La légalisation de l’aide médicale à mourir a obligé les maisons de soins palliatifs à réfléchir sur leur rôle. L’Élyme des sables a choisi de prioriser sa mission palliative et le traitement de la douleur, tout en autorisant l’aide médicale à mourir entre ses murs pour des motifs humanitaires.

Suzanne Cassista, directrice générale de l’Élyme des sables, explique que son organisme fait partie d’une minorité de maisons de soins palliatifs à autoriser que leurs patients y reçoivent l’aide médicale à mourir.

Elle rapporte que le personnel et les administrateurs trouvent inconcevable de devoir renvoyer les patients à l’hôpital pour leur permettre de recevoir l’aide médicale à mourir. Ils refusent toutefois que l’établissement devienne un mouroir où les patients arrivent à la dernière minute uniquement pour recevoir le traitement.
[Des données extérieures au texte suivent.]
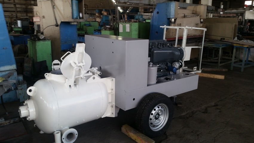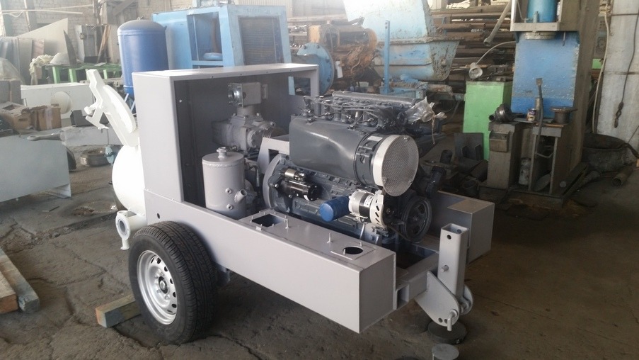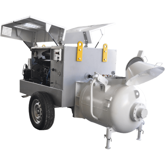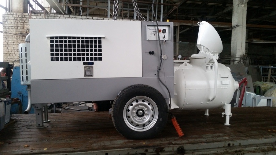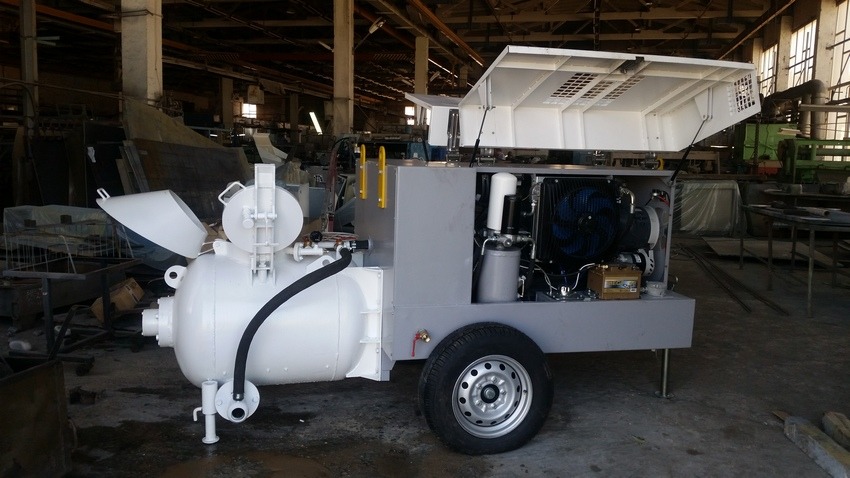 Пневмонагнетатель СО-243 комплектуется дизельным двигателем и винтовым компрессором производительностью 4,0 м. куб./мин. Это позволяет использовать данную машину как источник сжатого воздуха и подключать к ней различный пневмоинструмент. В СО-243 использован гидравлический привод бетоносмесителя.

«On ne souhaite pas ça, car il y a une charge émotive liée à l’accompagnement du patient et des proches», souligne-t-elle.

Seuls les patients qui demandent l’aide à mourir alors qu’ils sont déjà admis à l’établissement peuvent donc l’y recevoir. Le traitement est alors offert par du personnel du CISSS de la Côte-Nord.

«Il y a une nuance entre accepter que la personne reçoive les soins ici et les donner nous-mêmes», affirme-t-elle.

Soulagement

La directrice de l’Élyme des Sables est convaincue que l’aide médicale à mourir n’est pas demandée par les gens qui reçoivent de bons soins palliatifs. Certaines personnes arrivant du domicile avec une douleur incontrôlable demandent l’aide à mourir.

«Parfois, ça prend juste un meilleur suivi de la médication, de comment elle est donnée, de trouver la bonne dose. Et là, on retrouve le contrôle. On a du personnel qui ne fait que ça», note-t-elle.

«Souvent, quand on soulage leurs douleurs, ils n’en parlent plus», ajoute-t-elle.

Ses statistiques semblent lui donner raison. Depuis décembre 2015, plusieurs patients de l’Élyme des sables ont demandé à recevoir l’aide médicale à mourir, mais un seul d’entre eux a reçu le traitement.

Certains ont retiré leur demande, tandis que d’autres sont devenus inaptes à donner leur consentement à cause de l’évolution de leur état de santé ou de la médication.

«Tant que j’ai la confirmation que ces gens-là ont reçu des bons soins palliatifs, que leur douleur a été soulagée comme on peut le faire et que malgré tout ça, ils demandent l’aide médicale à mourir, alors c’est correct, on va procéder», résume-t-elle.